I'm not confident that I understand what you mean by "compass". When you say, "the right-hand arm", are you referring to some type of arrow pointing to the right?

When dealing with vectors, there are not simply "four directions". There are an infinite number of directions.

However, I think you are referring to the positive and negative directions of what we define to be horizontal and vertical for any given problem. This results in four directions.

On a map, the direction of East is entirely up to the publisher of the map. For sure, the vast majority of maps are printed such that North is pointing toward the top of the paper when you're holding it so that the words are not upside down or sideways. But not all maps are oriented this way.
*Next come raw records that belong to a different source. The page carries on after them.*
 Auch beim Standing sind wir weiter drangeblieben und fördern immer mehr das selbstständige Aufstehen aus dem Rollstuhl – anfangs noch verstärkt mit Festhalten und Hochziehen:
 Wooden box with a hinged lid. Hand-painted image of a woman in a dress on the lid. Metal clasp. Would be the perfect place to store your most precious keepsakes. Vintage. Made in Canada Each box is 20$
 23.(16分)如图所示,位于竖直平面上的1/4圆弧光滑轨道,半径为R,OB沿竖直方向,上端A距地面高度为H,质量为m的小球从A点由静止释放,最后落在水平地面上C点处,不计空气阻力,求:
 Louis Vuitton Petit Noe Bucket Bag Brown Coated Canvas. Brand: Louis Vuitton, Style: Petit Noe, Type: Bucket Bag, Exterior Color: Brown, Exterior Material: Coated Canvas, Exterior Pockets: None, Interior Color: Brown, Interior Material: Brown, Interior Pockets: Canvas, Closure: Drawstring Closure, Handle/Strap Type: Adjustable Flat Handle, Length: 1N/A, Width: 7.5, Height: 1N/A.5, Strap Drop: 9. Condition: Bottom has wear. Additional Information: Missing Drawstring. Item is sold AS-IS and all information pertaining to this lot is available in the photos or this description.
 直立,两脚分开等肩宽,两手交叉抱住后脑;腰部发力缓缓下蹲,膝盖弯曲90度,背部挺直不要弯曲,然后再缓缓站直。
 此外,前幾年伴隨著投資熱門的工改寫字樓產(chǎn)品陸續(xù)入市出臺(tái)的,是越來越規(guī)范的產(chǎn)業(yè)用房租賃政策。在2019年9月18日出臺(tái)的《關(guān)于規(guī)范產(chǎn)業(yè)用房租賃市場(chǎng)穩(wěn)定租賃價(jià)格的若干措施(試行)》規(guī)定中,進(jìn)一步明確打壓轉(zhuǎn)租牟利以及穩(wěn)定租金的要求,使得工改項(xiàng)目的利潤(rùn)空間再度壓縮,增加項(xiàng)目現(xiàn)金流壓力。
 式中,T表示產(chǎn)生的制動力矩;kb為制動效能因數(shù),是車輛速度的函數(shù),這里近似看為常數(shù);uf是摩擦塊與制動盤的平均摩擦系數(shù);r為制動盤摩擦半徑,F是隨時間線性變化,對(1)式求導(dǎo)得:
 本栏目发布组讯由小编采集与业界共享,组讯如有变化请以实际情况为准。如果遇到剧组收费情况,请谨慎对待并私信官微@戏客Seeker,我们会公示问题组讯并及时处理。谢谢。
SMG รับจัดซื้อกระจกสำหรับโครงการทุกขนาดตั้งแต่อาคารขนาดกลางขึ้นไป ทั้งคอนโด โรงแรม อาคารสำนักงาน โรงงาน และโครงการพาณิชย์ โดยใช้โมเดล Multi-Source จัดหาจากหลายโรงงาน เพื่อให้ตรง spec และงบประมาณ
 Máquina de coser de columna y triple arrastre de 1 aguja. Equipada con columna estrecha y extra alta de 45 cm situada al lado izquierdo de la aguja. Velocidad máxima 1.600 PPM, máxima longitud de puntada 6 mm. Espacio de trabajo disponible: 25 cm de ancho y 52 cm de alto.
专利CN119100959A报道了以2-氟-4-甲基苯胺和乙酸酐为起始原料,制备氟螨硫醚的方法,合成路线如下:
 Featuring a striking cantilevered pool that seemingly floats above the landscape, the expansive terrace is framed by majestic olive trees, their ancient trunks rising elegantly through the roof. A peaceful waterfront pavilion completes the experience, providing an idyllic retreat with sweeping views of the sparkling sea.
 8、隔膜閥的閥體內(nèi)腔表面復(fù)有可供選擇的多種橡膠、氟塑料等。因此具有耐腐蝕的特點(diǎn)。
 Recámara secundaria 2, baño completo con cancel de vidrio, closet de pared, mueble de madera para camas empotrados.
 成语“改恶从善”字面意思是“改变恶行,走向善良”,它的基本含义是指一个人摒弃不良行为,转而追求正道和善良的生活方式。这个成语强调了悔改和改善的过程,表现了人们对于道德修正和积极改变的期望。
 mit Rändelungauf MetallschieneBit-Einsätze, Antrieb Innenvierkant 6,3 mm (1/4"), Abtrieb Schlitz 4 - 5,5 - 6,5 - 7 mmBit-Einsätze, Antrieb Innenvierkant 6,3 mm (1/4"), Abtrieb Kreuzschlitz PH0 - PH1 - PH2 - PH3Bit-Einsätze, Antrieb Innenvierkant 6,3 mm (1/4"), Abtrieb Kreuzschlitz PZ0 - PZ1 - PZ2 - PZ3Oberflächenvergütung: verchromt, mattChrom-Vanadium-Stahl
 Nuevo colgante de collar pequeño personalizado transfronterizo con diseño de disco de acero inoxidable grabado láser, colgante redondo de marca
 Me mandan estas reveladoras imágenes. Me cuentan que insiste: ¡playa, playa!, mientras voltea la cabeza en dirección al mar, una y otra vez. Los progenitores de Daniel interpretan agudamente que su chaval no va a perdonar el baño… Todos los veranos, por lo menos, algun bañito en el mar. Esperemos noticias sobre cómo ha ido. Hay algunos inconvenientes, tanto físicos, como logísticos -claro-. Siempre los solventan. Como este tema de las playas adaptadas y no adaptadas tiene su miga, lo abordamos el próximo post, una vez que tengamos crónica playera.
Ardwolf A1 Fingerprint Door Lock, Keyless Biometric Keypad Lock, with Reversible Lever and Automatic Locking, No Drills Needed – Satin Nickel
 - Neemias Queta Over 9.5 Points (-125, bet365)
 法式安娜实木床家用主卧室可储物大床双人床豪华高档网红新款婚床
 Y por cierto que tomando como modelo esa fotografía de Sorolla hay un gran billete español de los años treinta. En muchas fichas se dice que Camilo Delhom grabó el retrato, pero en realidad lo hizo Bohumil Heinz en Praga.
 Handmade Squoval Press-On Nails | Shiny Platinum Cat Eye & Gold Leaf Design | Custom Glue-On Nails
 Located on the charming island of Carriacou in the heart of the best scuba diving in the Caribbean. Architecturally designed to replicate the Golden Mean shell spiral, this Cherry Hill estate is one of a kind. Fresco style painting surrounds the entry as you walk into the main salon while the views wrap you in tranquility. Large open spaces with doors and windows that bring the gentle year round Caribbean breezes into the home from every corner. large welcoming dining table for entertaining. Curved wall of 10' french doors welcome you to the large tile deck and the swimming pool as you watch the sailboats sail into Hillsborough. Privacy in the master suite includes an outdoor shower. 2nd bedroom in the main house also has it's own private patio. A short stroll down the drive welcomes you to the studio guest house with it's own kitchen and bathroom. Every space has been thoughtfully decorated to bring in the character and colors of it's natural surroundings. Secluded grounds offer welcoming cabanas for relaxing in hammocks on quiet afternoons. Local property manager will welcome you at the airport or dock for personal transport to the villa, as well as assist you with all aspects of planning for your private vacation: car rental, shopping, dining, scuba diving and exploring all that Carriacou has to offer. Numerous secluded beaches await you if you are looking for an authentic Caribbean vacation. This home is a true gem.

If you always think of the direction pointing to the right as West, then you must also always think that North is down. Am I correct?

The point I would like to make is this: IT DOES NOT MATTER if moving West on a map takes you toward the left side of the paper, or the right side of the paper, or the top, or the bottom. What does matter is that everybody understands and agrees at the beginning which side of the paper is the North end of the map; the other three compass directions are then obvious.

If I am used to always thinking about the top of the map as being North, then I will have to adjust MY thinking when somebody hands me a map on which an arrow pointing to the right is labeled North.

Likewise, if your book shows the direction of due West to be pointing toward the left side of the page, and you are used to seeing due West pointing toward the right side of the page instead, then you will need to adjust YOUR thinking for that exercise.

Please feel free to post more questions and/or thoughts about concepts related to vectors; we can come up with lots more examples.

Cheers,

~ Mark

 

[Deleted member 4993]

In general, for cartesian co-ordinate system the angle is:

\(\displaystyle 0 \, \le \, \theta \, \le \, \frac{\pi}{2}\)

So you take care of the sign by "words" like "pushing down" or "pulling to left" or "pulling toward positve x direction"(the last type of description is more helpful but not always practical).

If you have learned about 2-D polar-coordinate system, then the vector description in that system is:

\(\displaystyle (r,\theta)\)

and converted to cartesian system that would be,

\(\displaystyle (r\cdot\cos\theta\, , \, r\cdot\sin\theta)\)

here r is always positive

and:

\(\displaystyle 0 \, \le \, \theta \, \le \, 2\pi}\)

The range of the angle here takes care of the sign.

 

[mmm4444bot]

If you have learned about 2-D polar-coordinate system, then the vector description in that system is:

\(\displaystyle (r,\theta)\)

The following suggestion may mostly be a technicality, but I would alter the above statement to specify that the polar description is for a position vector.

~ Mark